ARC Centre of Excellence for Coral Reef Studies and James Cook University student Laura Richardson is conducting her PhD project at the Australian Museum’s Lizard Island Research Station under the supervision of Andrew Hoey, Nick Graham and Morgan Pratchett, studying how the structure and function of reef fish assemblages can vary among different coral habitats.
Laura has studied, worked and volunteered at some magnificent coral reefs around the world. She commented on how the ‘people, place and activities’ were factors that contributed to great experiences and her chosen diverse top 3 were the Philippines were she learnt to dive in the year 2000, the Great Barrier Reef prior to the bleaching and the Red Sea in 2002. Other places worth mentioning are the years she spent working and volunteering in Mexico, Spain, Tonga, the Cayman Islands and the UK.
Laura’s research considers the influence of coral community composition on the structure and function of reef fish assemblages. Shifts in coral communities have been recorded due to different disturbances including climate change and pollution, leading to reefs dominated by more stress resilient and/or weedy species.
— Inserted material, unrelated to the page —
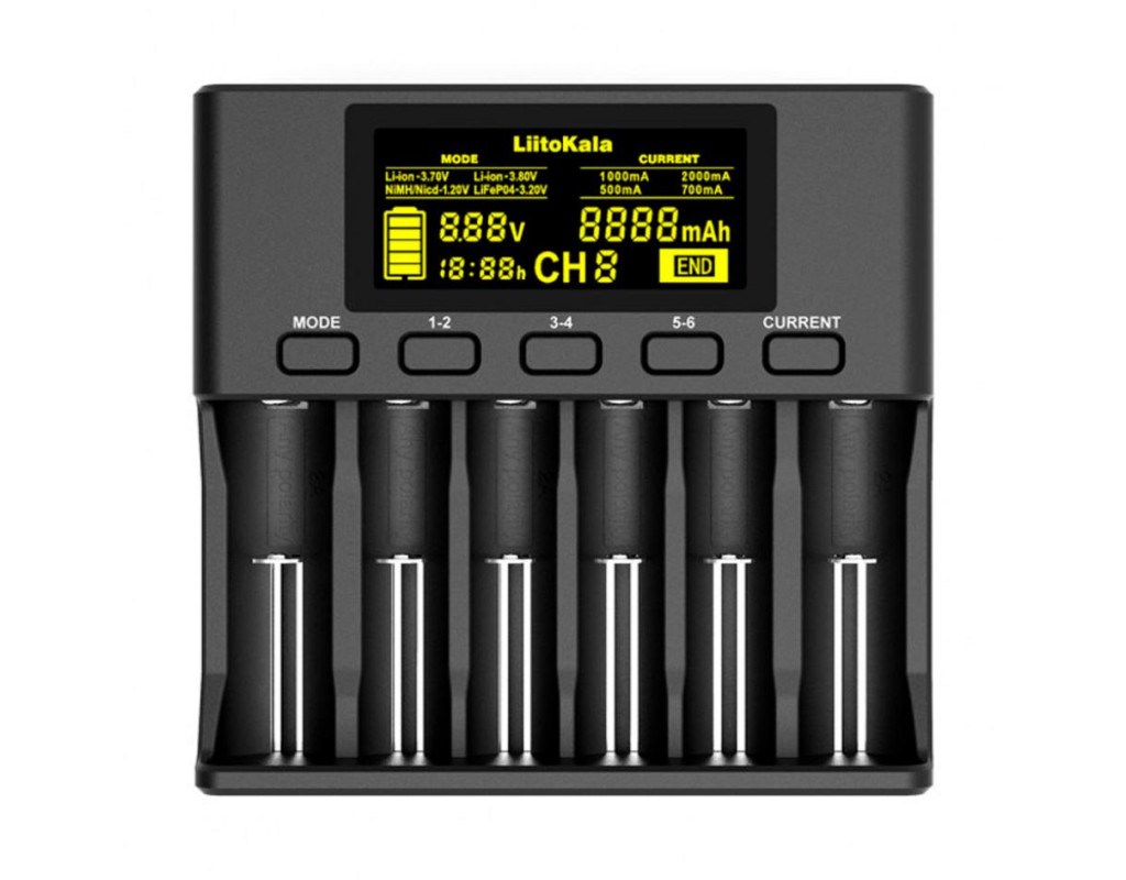 Зарядний пристрій для акумуляторів Liitokala 6 Slots, LCD дисплей, Li-ion/Ni-MH/Ni-Cd/AA/ААA/AAAA/С (Lii-S6)
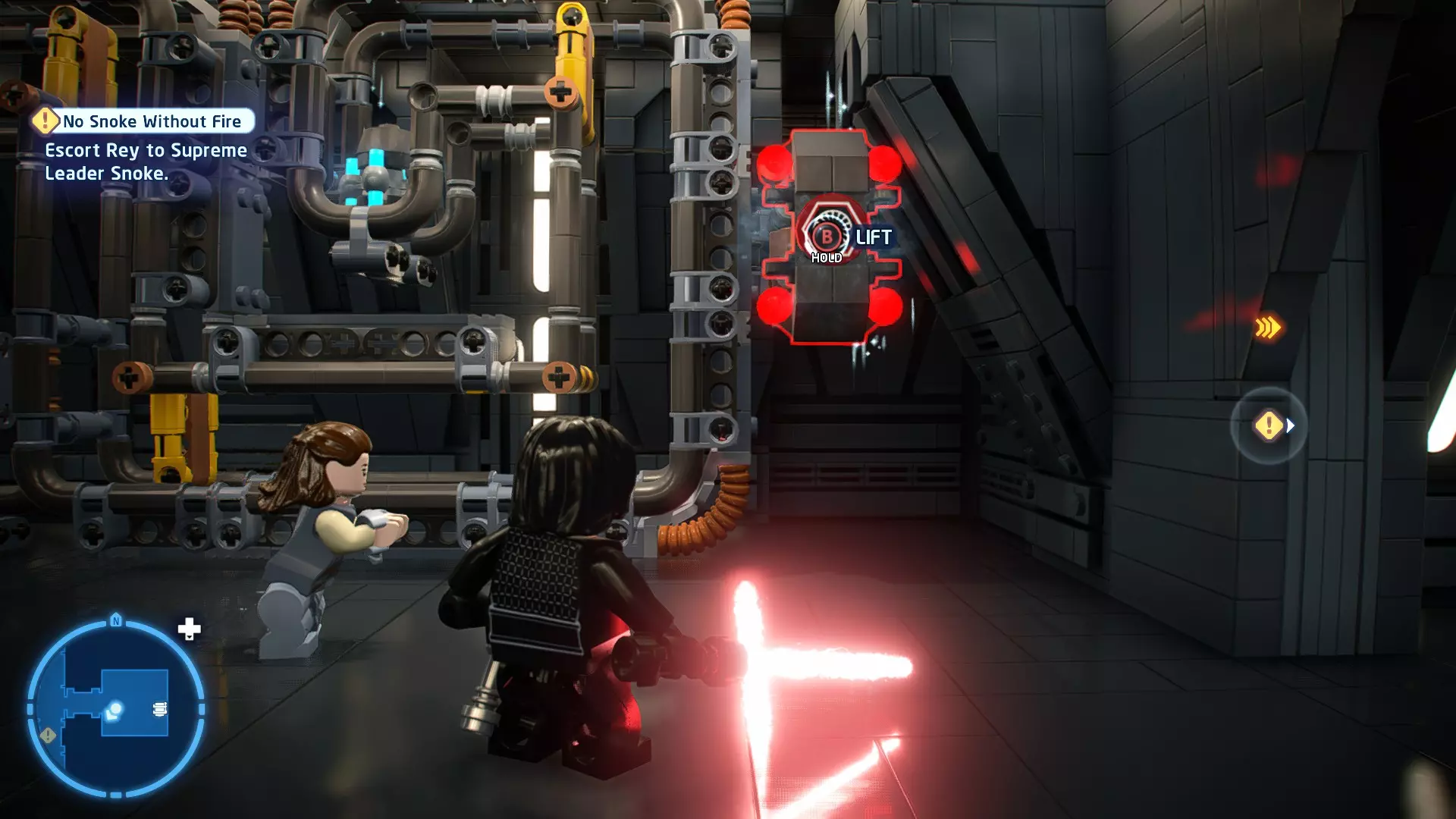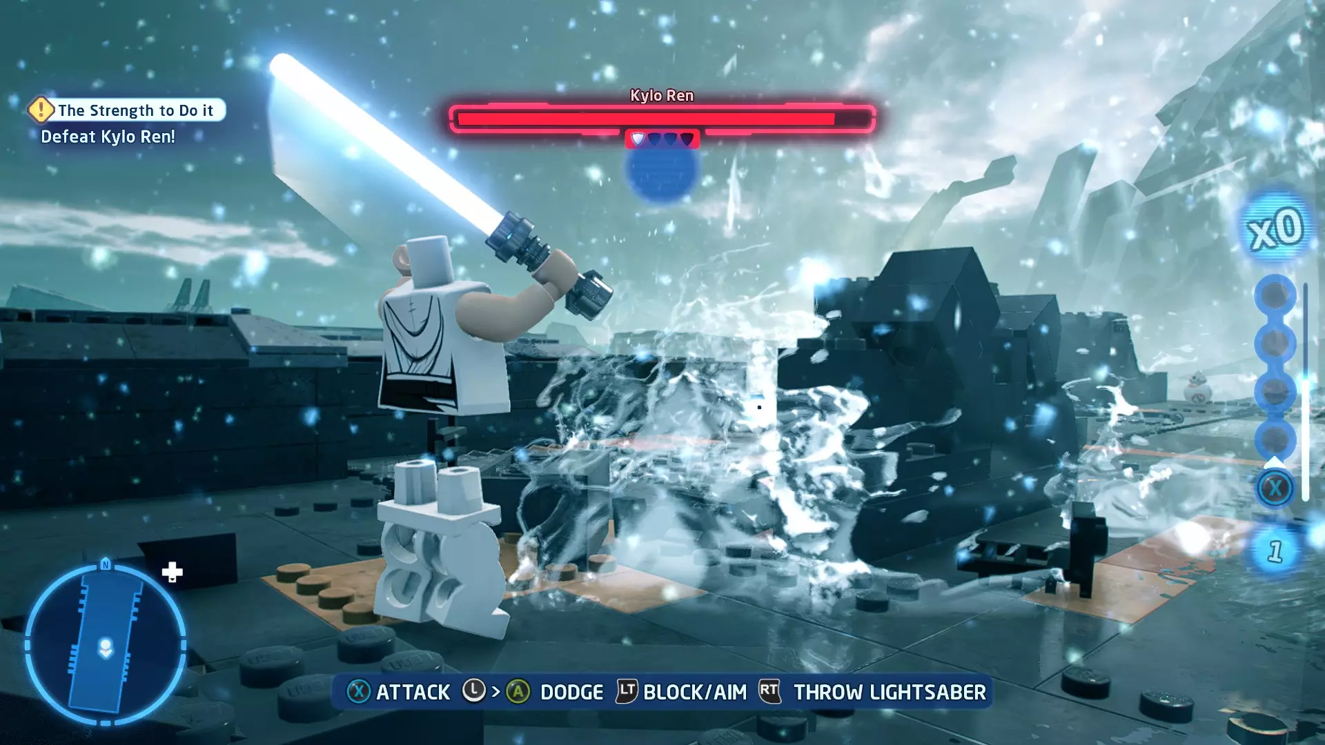 首领:凯洛·伦 初始角色:蕾伊(第九部)、BB-8 真绝地:75,000 第一部分 - 死星废墟 当前目标:击败凯洛·伦! 与凯洛决斗以削减其生命值。一旦打掉他第一条血条,他就会撤退。 新目标:追击凯洛·伦 随后凯洛会沿着走廊逃跑,我们需要追上他!蕾伊可以沿着左侧墙壁奔跑,而BB-8可以通过右侧的协议通道。当你们俩都越过缺口后,继续沿着走廊前进。 你们会到达一个峡谷,蕾伊无法跳过去。将附近的箱子推入峡谷,移动一些残骸。这会在西侧墙壁上露出一个抓钩点。操控BB-8抓住它,然后拉动以露出一个协议通道。 穿过通道后,你们会到达一个有两个按钮的房间。踩下右侧的按钮以露出一根柱子,然后切换至蕾伊。跳上柱子,接着荡到峡谷中的第一根支柱上。切换回BB-8,踩下左侧的按钮以露出另一根支柱。再次切换回蕾伊,跳过这些支柱到达峡谷的另一边。 用你的光剑切开左侧的墙壁,露出一个协议通道,以便BB-8能与你会合。摧毁右侧的残骸以获得乐高积木,然后将它们搭建为一个宇航技工机器人接口。使用该接口打开门,继续前进后会遇到凯洛·伦。 新目标:击败凯洛·伦! 与凯洛决斗以消耗他的生命值。消耗掉他的第二条生命值后会触发过场动画。第二部分 - 海滨对决 当前任务:追击凯洛·伦 沿着小路前进,你会看到凯洛·伦的TIE战斗机。 新任务:寻找抵达凯洛·伦的TIE战斗机的方法 继续沿着小路走,你会遇到一个缺口。跳上附近圆形建筑上的橙色方块,然后走到横梁上。跳过缺口,接着爬上橙色栏杆,继续沿着小路前进,就能找到凯洛·伦。 新任务:击败凯洛·伦! 与凯洛对决,削减他的生命值。打掉他最后三格生命值即可完成本关卡。 解锁角色:D-O、蕾伊(西斯)、凯洛·伦(第九部)(200,000) 完成的力量 - 迷你套件 所需能力:敏捷、光剑、小型 迷你套件1 - 我来的时候就是这样了

These changes will have knock-on effects on the fish that use corals for food and refuge, but these impacts remain largely unknown.
Laura’s project aims to assess how different coral assemblages influence (a) structural complexity at multiple within-reef scales, (b) the functional structure and size-spectra of associated fish communities, and (c) herbivory, a key ecosystem process.
Challenges Laura has encountered in her research has been ‘the recent coral bleaching event’ which meant adapting her research study, and ‘Cyclone Nathan (which) knocked out a whole research site’.